REQUIRED WORK » Among the entries that follow, find every line with the word "marca" and list it.

RECORDS SHOWN »
============================================================
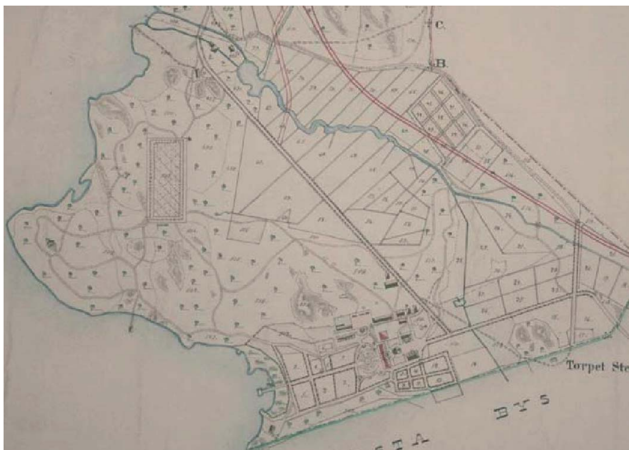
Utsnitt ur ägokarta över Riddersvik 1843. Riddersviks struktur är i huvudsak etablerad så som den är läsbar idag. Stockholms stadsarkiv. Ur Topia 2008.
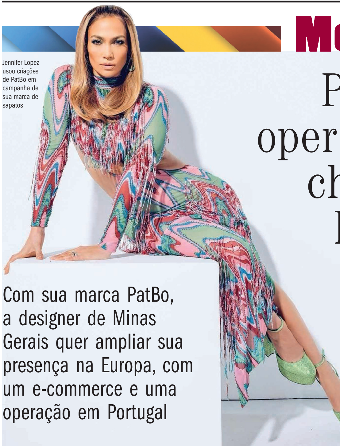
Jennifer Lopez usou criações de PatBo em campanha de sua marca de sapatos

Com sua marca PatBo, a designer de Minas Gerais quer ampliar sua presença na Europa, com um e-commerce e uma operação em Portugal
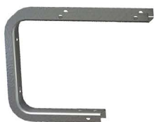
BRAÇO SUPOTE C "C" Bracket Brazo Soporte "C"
============================================================
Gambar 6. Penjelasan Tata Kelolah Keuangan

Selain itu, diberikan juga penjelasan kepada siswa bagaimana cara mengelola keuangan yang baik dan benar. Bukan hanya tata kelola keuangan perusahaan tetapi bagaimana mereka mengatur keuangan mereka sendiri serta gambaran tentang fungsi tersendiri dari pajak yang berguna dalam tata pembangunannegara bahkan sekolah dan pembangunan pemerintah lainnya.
============================================================
RESPONSE »
Jennifer Lopez usou criações de PatBo em campanha de sua marca de sapatos
Com sua marca PatBo, a designer de Minas Gerais quer ampliar sua presença na Europa, com um e-commerce e uma operação em Portugal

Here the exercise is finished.